- Try it: In the output, include exactly the lines from the beginning of the records up to and including the one that contains "2x Flachschaufel, 2x", and leave out the pictures.

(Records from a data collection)

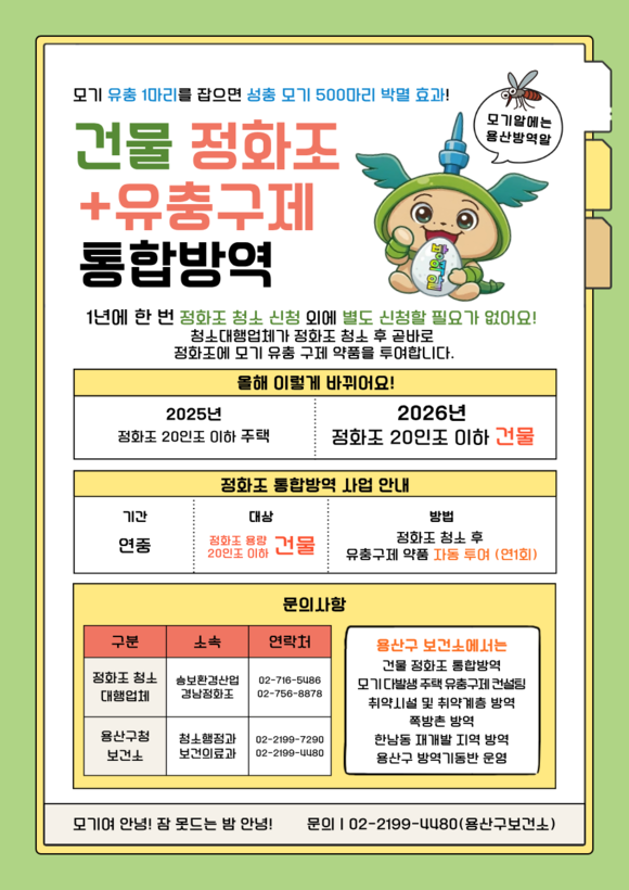 기존 방역 사업도 확대 운영된다. ‘정화조 유충구제 통합방역 서비스’는 별도 신청 없이 정화조 청소 시 유충구제 약품을 함께 투여하는 방식으로 운영되며, 올해부터는 지원 대상을 정화조 용량 20인조 이하 건물까지 확대해 방역 사각지대를 줄인다.
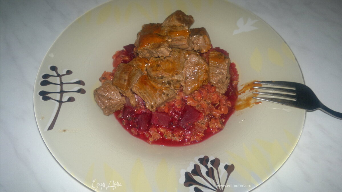Чечевичная похлебка вариант два ( со свеклой, луком и горчицей ) + говядина тушеная в томатно-перечном соусе.
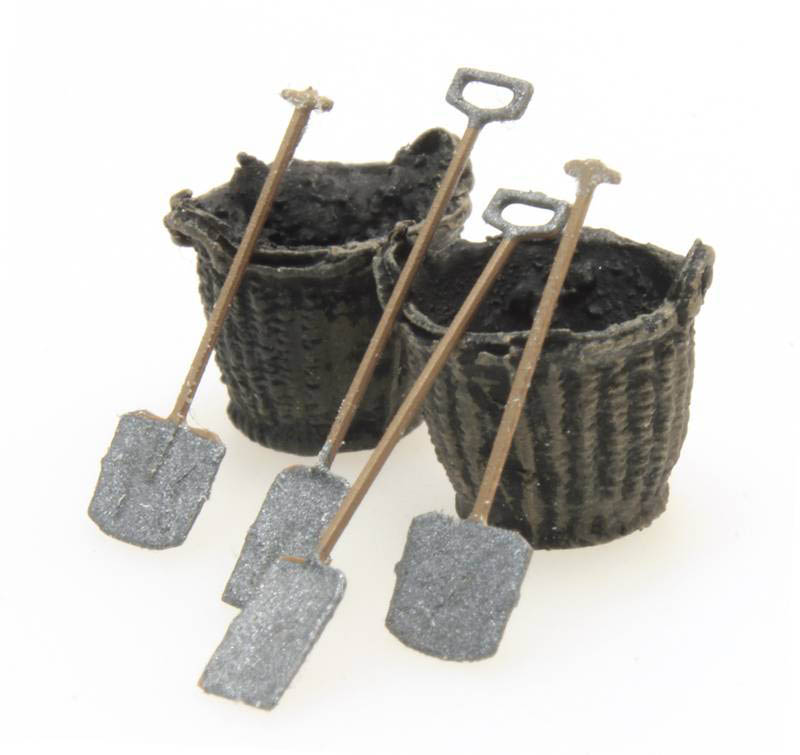 2x Flachschaufel, 2x Korb und 2x Grabschaufel
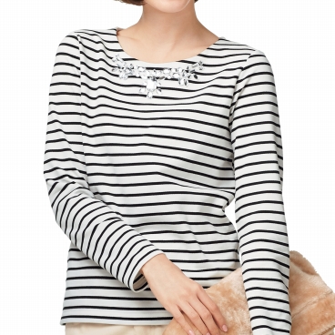 人気のバイカラーデザインです。衿・裾が好アクセント。シャツを重ね着しているように見えて1枚だから、もたつかずすっきり着こなせます。
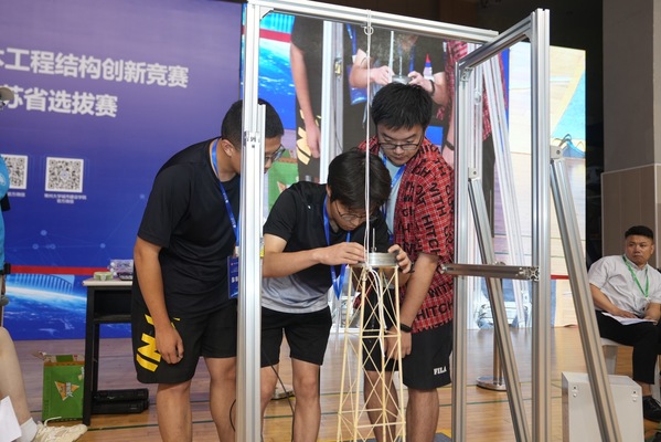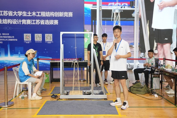 本次大赛由江苏省土木建筑学会主办,常州大学承办,共有来自开云kaiyun官方网站、河海大学、南京航空航天大学等30余所省内高校、54支参赛队、300余名土木工程专业本科学生参加。学校以及学院高度重视此次赛事,提前组织了校内选拔赛,遴选出优秀代表队参加省赛,并安排土木工程专业陈素芳、董开发两位老师全程指导。本次竞赛以“考虑水平振动的高耸塔式结构”为主题,通过在赛题中加入部分待定参数,赋予赛题更多灵活性。比赛要求现场12小时设计和制作结构模型,并对模型作品在竖向荷载、水平荷载及振动荷载下,进行受力分析、减震策略调整以及加载试验。作为大学生科技创新的重要赛事,土木工程结构设计创新竞赛着重考验学生的计算分析、设计、试验等综合能力。
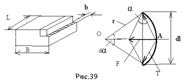 На рис. 39 показаны кристалл в форме параллелепипеда с размерами В и L, а также элементарный отрезок краевой дислокации длиной dl.
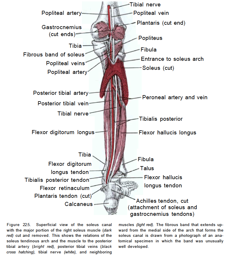 On the other side of the fascia are the tibialis posterior muscle, the flexor digitorum longus muscle, and the flexor hallucis longus muscle, along with the posterior tibial arteryand posterior tibial vein and the tibial nerve.
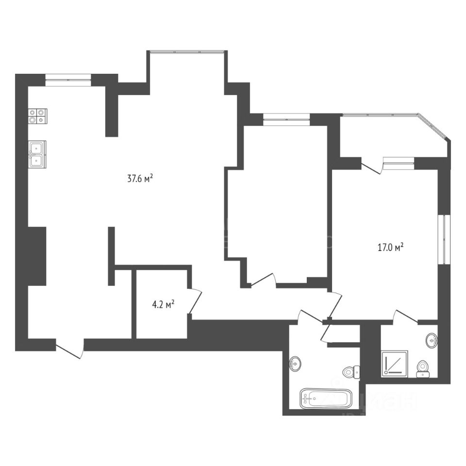 Количество комнат: 2

- Solution to the exercise:
 기존 방역 사업도 확대 운영된다. ‘정화조 유충구제 통합방역 서비스’는 별도 신청 없이 정화조 청소 시 유충구제 약품을 함께 투여하는 방식으로 운영되며, 올해부터는 지원 대상을 정화조 용량 20인조 이하 건물까지 확대해 방역 사각지대를 줄인다.
Чечевичная похлебка вариант два ( со свеклой, луком и горчицей ) + говядина тушеная в томатно-перечном соусе.
 2x Flachschaufel, 2x Korb und 2x Grabschaufel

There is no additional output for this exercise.